Jesus Is King (film)


Jesus Is King is a 2019 American experimental concert short film by Kanye West and directed by Nick Knight, featuring West's gospel-rap group, Sunday Service. The film accompanied the release of Jesus Is King, West's ninth studio album released after a series of delays on October 25, 2019.

Production

On September 29, 2019, it was announced that IMAX and Kanye West were collaborating to release a Sunday Service Choir concert film that had been filmed in the summer of 2019 at the Roden Crater in Painted Desert, Arizona.
Kanye West indicated that the purpose of the film was Christian evangelism, not entertainment: "We're here to spread the gospel.

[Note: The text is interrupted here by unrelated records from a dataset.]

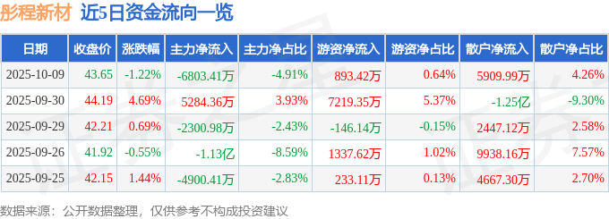 证券之星消息,截至2025年10月9日收盘,彤程新材(603650)报收于43.65元,下跌1.22%,换手率5.19%,成交量31.01万手,成交额13.87亿元。
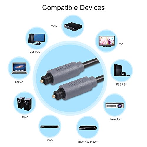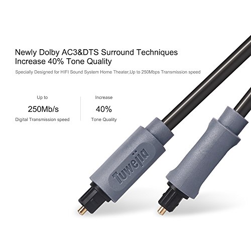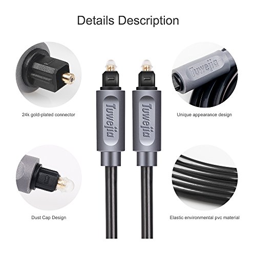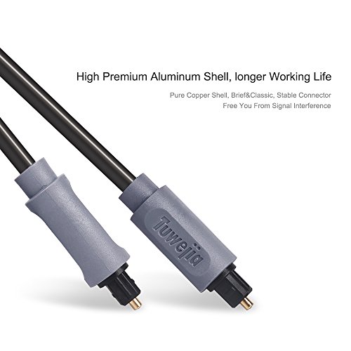 Studio : Tuwejia Publisher : Tuwejia Binding : Electronics Product Description Tuwejia Digital Optical Cables are manufactured from high-quality optical fiber with a polished lens and gold-plated collar. The stylish braided net jacket adds flexibility and durability for years of listening pleasure. A 1mm low-loss core conductor maintains an accurate digital signal. Optical cables transfer the signal using light; thus completely eliminating any chance for RFI, EMI or ground loop interference. Connect your DVD, CD, Mini Disc, DAT, Game Console or other digital audio equipment for clear, full and richly detailed sound. 1.Connectors:TOSLINK to TOSLINK 2.Low-loss core ensures low distortion 3.Non-slip rubber grip connector provides for easy installation 4.?Flexible jacket makes installation easy 5.Protective plastic cover protects lens from dust, dirt and other material 6.Digital Audio Cable provides you the cleanest possible signal, even at extreme volume levels. 7.?These cables use 1mm low-loss core, low-jitter synthetic fiber and heavy metal connectors to dampen vibration, giving you the ultimate listening experience. 8.Optical cables transfer the signal using light; thus completely eliminating any chance for RFI, EMI or ground loop interference. 9.?GOLD-PLATED FERRULE prevents corrosion and provides for maximum protection of the fiber tip. 10.Guaranteed reliability with a lifetime warranty
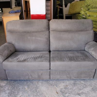 Grey Upholstered Fabric Two Seater Double Recliner Sofa
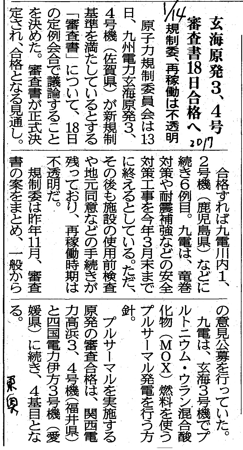[2017_01_14_02]玄海原発3、4号審査書18日合格へ 規制委、再稼働は不透明(東奥日報2017年1月14日)
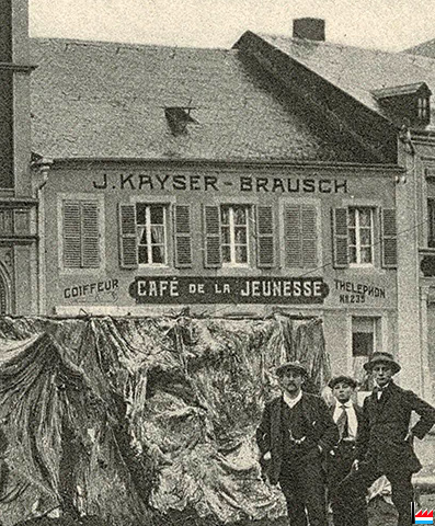 | 1-3.9.1912 | ![]() Café de la Jeunesse J. Kayser-Brausch, coiffeur, téléphon N° 235, Esch/Alzette, Norbert Metz Platz (Extrait de la Carte postale: collection industrie.lu) |
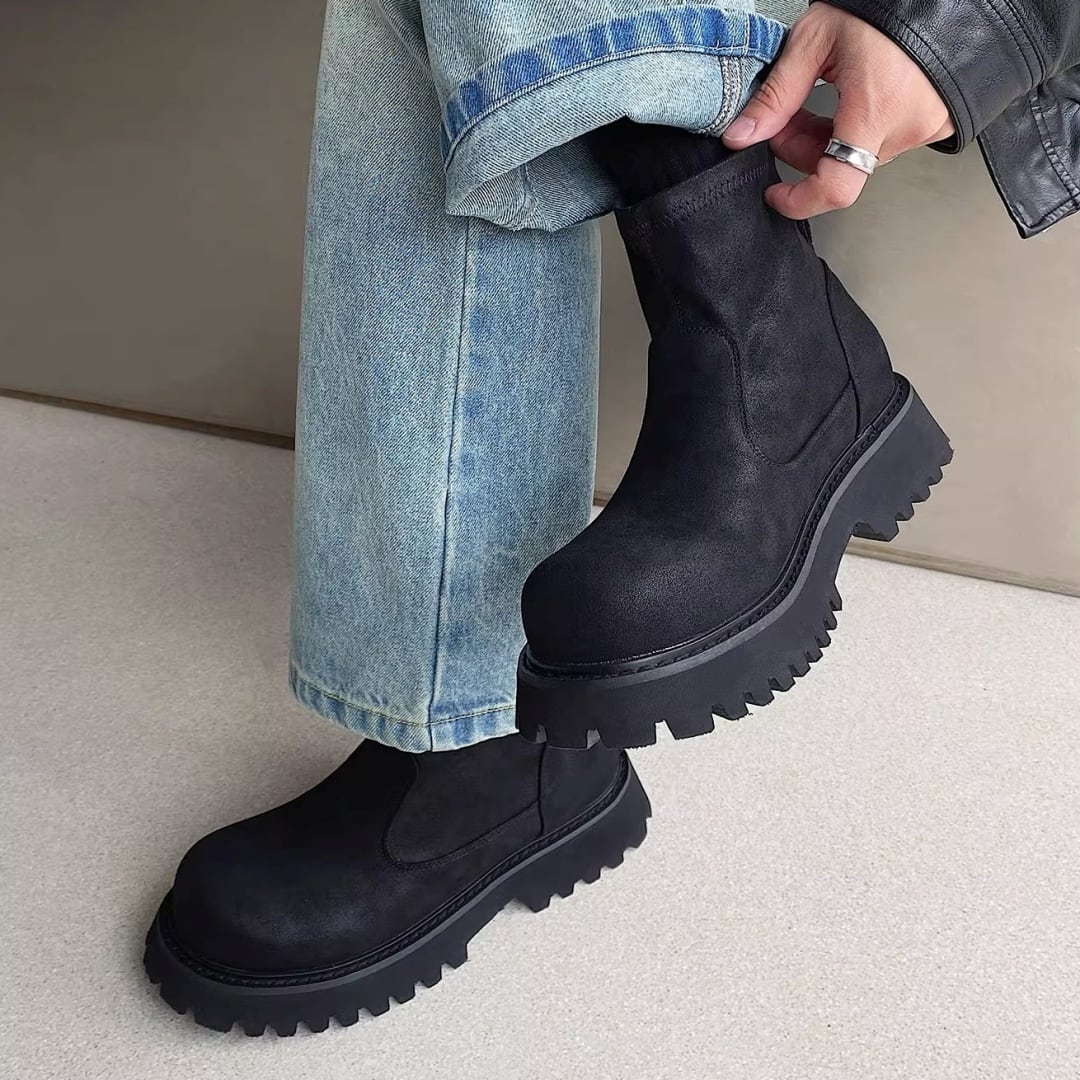 レトロ風 タンクソールアンクルブーツ D12173

I'm not here for your entertainment. I'm an evangelist, so my music, my films, every conversation, every room I go in, we're here to save souls, save you from eternal damnation. I use art to make believers."

Release

A short preview of the film was shown at three listening parties for West's then-upcoming ninth studio album, Jesus Is King, on September 27, 2019 in Detroit, September 28, 2019 in Chicago, and September 29, 2019 in New York.
On October 17, 2019, a trailer for the film was released with a soundtrack of a gospel rendition of West's 808s & Heartbreak single, "Say You Will". British fashion photographer, Nick Knight was also named director of the film.
The film was released in IMAX theaters on October 25, 2019. In June 2020, West teased a digital release of the film through Apple.

Track listing

Track listing adapted from the film's credit roll.

Reception

At Metacritic, which assigns a normalized rating out of 100 to reviews from mainstream publications, Jesus Is King received an average score of 61, based on four reviews.
In a review for NME, critic Luke Morgan Britton wrote, "Kanye's sublime but flawed visual journey stops short of enlightenment," adding that "despite its aesthetic brilliance, it fails to reach its potential and ends up lost in a struggle of what it wants to be... A live concert film? A high-gloss advert? A desktop screensaver-ready nature doc? Or simply a vehicle to enable the spouting of scripture? Instead, it's a jarring mixture of all of the above."